理系思考の欠片もない連中

昨日、読売の記事を結果的に持ち上げることになってしまった日記を書いて若干後悔。今日付けの社説では、理系知識皆無のいかにも「マスゴミ」の典型的な作文でありました。
マスコミいわく「地震発生で手動で制動後、2kmも滑走した」なんてことが書いてありますが、自分で書いておいて理解できないのが朝日新聞
「新幹線脱線、安全性に死角 P・S波同時で検知できず」
http://news.goo.ne.jp/news/asahi/shakai/20041025/K0024201911123.html
「時速270キロで走る列車が完全停止するまでの時間(約1分半)や制動距離(約4キロ)が大きく変わるほどの効果は期待できない。」
自分で、270km/hで軌道上を走行時にフルブレーキをかけても、4kmの制動距離が出る、と書いているわけですよ。ブレーキの性能によるところもあるでしょうけど、とりあえずざっくり計算してみます。ブレーキとは運動エネルギーを減衰することになるわけですが、その運動エネルギーは質量×速度の二乗、つまり制動距離は運動エネルギーに比例すると考えていい。ということは、200km/hで走っていた14両編成の上越新幹線の制動距離は16両編成の東海道山陽新幹線に比べて、速度条件から見て約55%(200/270の二乗=0.548)に減り、さらに重さの違いで48%(0.548×14/16=0.48)にまで減ることになります。すなわち、4×0.48=1.92kmが制動距離ということになります。つまり「軌道から外れたのにほぼ性能通りの制動距離で、転倒することなく停止した」ということです。これをもって「安全対策が足りなかった」と言うのは果たして正しいのでしょうかね。改めて新幹線の技術力の高さを証明したとしか、私には思えない。

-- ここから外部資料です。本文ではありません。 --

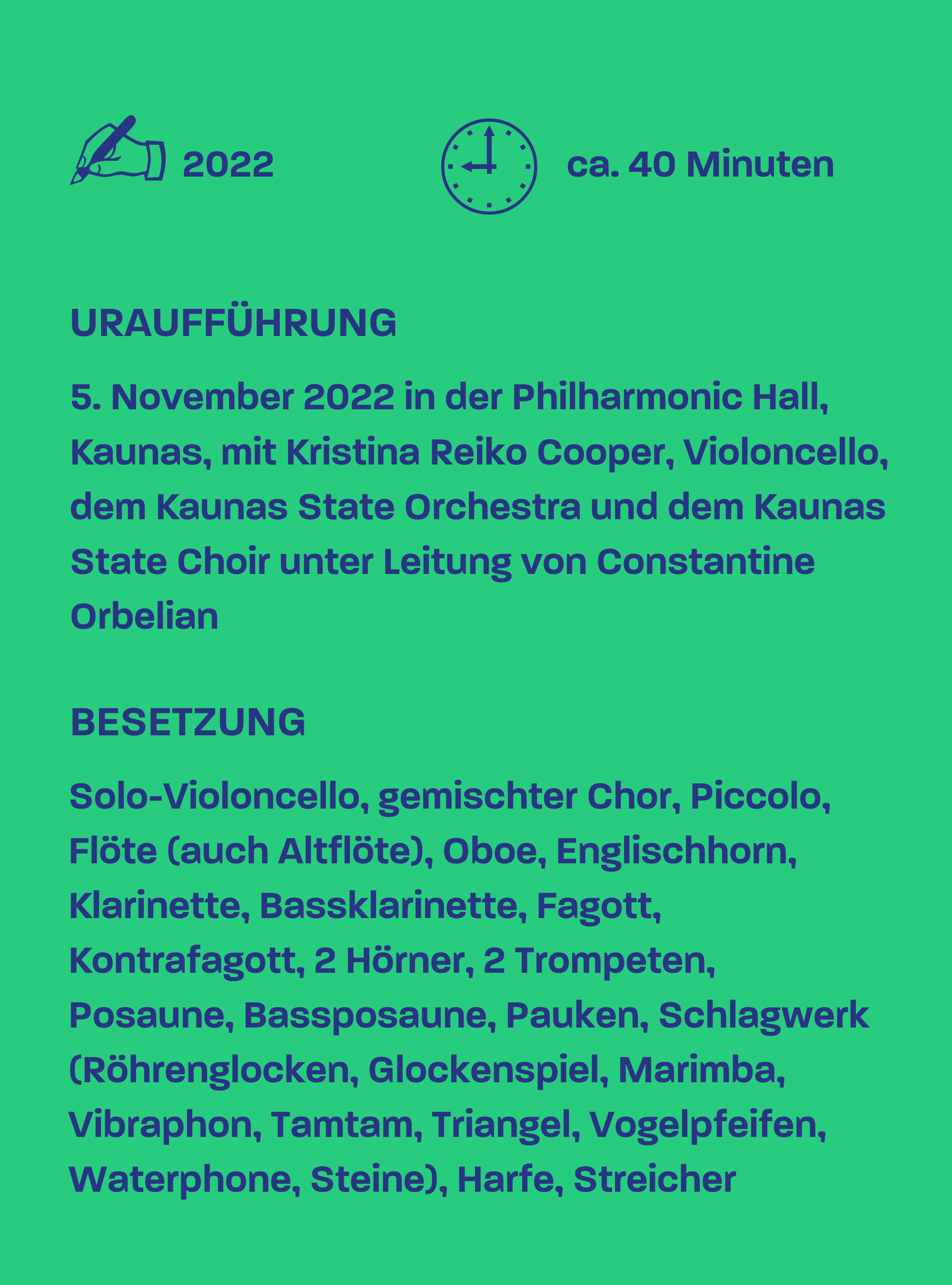 Die japanisch-amerikanische Cellistin hat weltweit für ihre musikalische Vielfalt, ihre Kunstfertigkeit und ihre charismatische Bühnenpräsenz Anerkennung gefunden. Als Solistin und Kammermusikerin stand sie auf vielen Bühnen der Welt und konzertiert mit weltweit renommierten Orchestern. Kürzlich ist sie zur Co-Direktorin der New Yorker Gruppe für neue Musik Continuum ernannt worden. Sie hat zahlreiche Werke von Komponist*innen wie Philip Glass, Mario Davidovsky, Ryuichi Sakamoto, Tania Leon, Josef Bardanashvili und Benjamin Yusupov uraufgeführt. Im November 2022 trat sie als Solistin in der Weltpremiere von „Vessels of Light” in Kaunas auf, die von Yad Vashem nach ihrer Idee in Auftrag gegeben wurde, das Heldentum von Chiune Sugihara, japanischer Vizekonsul in Litauen während des Zweiten Weltkrieges, zu ehren. Der Vater ihres Mannes, Irving Rosen, wurde dank der Visa, die Sugihara in Kaunas ausgestellt hatte, gerettet. Weitere Aufführungen dieses Werks führten und führen Frau Cooper in die Carnegie Hall, nach Los Angeles, Napa, Mexiko-Stadt, Prag, Warschau, Berlin, Dresden, Leipzig und Paris. Kristina Reiko Cooper erhielt ihren Bachelor- und Master-Abschluss in Musik sowie ihren Doktortitel in Musik an der Juilliard School, wo sie bei Joel Krosnick studierte. Derzeit ist sie Gastprofessorin an der Buchmann Mehta School an der Universität Tel Aviv und stellvertretende Vorsitzende der America-Israel Cultural Foundation sowie tätig im Vorstand des Charney-Forums für neue Diplomatie.
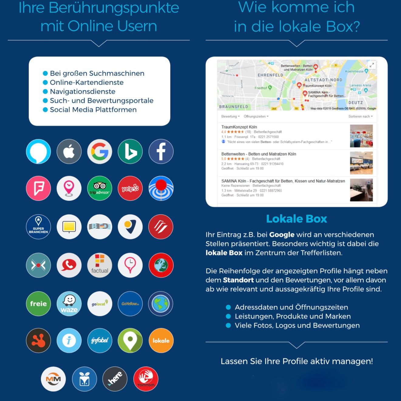 Mach's persönlich! Individuelle Beratung für die Online-Profile Ihres Gewerbes. Als Internetagentur in Köln unterstützen wir Ihr Unternehmen, mit professionellen Lösungen, online besser gefunden zu werden. Relevante Daten und Informationen Ihres Geschäftes und Ihrer Leistungen werden von uns strukturiert, ohne Anmeldung und in Echtzeit, auf den wichtigsten Online-Plattformen und Suchmaschinenen, hinterlegt, veröffentlicht und ständig aktualisiert. Aufgrund der Informationen, über Ihren Standort, Ihrer Produkte und Leistungen und vieler anderen Daten, wird Ihr Unternehmen optimal präsentiert und Ihre Online-Präsenz erhöht sich. Professionelle Business-Fotos, modernes webdesign und unsere langjährigen Erfahrungen im Online-Marketing werden Ihre Profile perfektionieren. Buchen Sie jetzt bei uns Ihr aktives Profilmanagement.
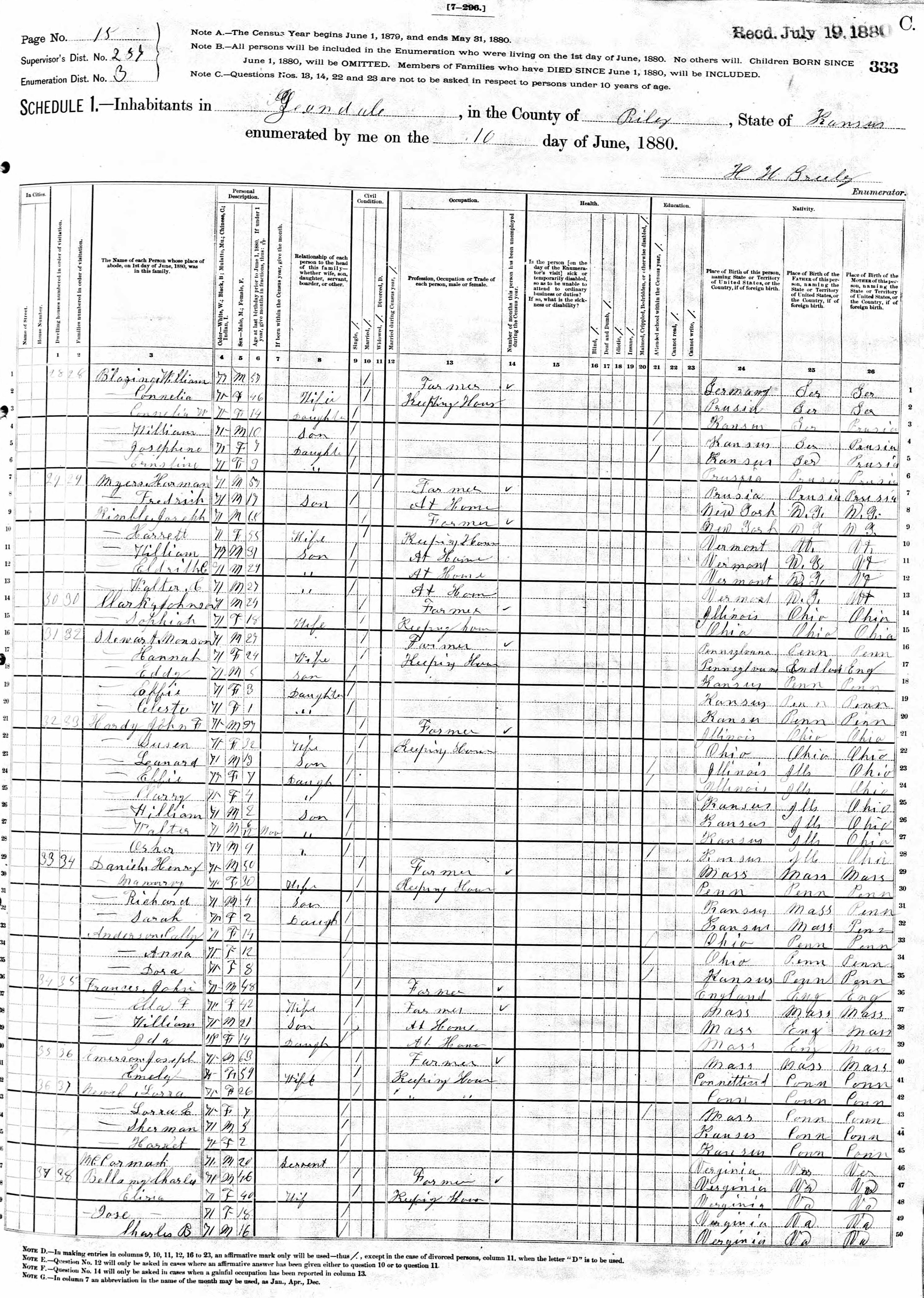 Blasing Family 1880 Federal Census Kansas, Lines 1-6

ブレーキ始動から2kmも、なんて言って、地震が起きたら1mたりとも動いてはならない、ようなことを主張していますが、もう一つ、根本的な問題をマスコミは忘れています。クルマで急ブレーキをかけたとき、自分はどうなるか。シートベルトをしていなければ、たかだか40km/h程度で走っていても、フロントガラスに一直線です。ましてや、200km/hで走る新幹線です。しかも乗客はシートベルトをしていない。もし、仮に制動距離が500mそこそこだとすると、乗客にかかる力は単純計算してその4倍。まあ、吹っ飛ぶでしょうね。列車が止まったのはいい。新幹線というハードは壊れなかったけど、車内は血の海、なんてことになりかねないのです。これだと、安全神話って何やねん、ということになるんですが、マスコミはそのことをわかってるのかと。わかってないんでしょう。
私は今回、新幹線には橋脚等も含めて震災対策としては満点を差し上げたい。橋脚は破損しているけど、阪神大震災のときの阪神高速のように倒壊した箇所は一つもないしね。日本は地震の起きる場所で暮らしている。だから「ここまでは現状でできる対策だ」というところを何らかの理由をもって立てるしかない。その理由は、予算によるところも多い。耐震構造にすることは当たり前の話ですが、コストがかかる。コストはそのまま税金や利用料金に跳ね返る。そのバランスをどこで取るか、ということです。その辺のバランスを論じないまま「安全神話崩壊」と叫ぶなんぞ、無責任も甚だしい。
そんなことでJRの揚げ足を取り、鉄道技術者を愚弄する連中は、今日もヘリコプターで被災地上空に騒音を撒き散らし、疲弊した被災者にマイクを向ける。ましてや女性なんぞ、この状況で化粧することすらままならぬ、その顔を全国に流す。何の権利あってそんな横暴が許されるのか。取材のついでに、社内で集めた救援物資でも持っていったのか? たとえそれが自分たちが取材した場所だけだったとしても、それは役に立つはず。こんなときだけ「公平を欠く」とか抜かしやがるんだろうけどね。
政府・自治体・自衛隊ほか、多くの組織は阪神大震災を教訓に行動できている。しかし、マスコミは全く成長していない。そのことは、インタネットの住人たちはしっかり見抜いているぞ。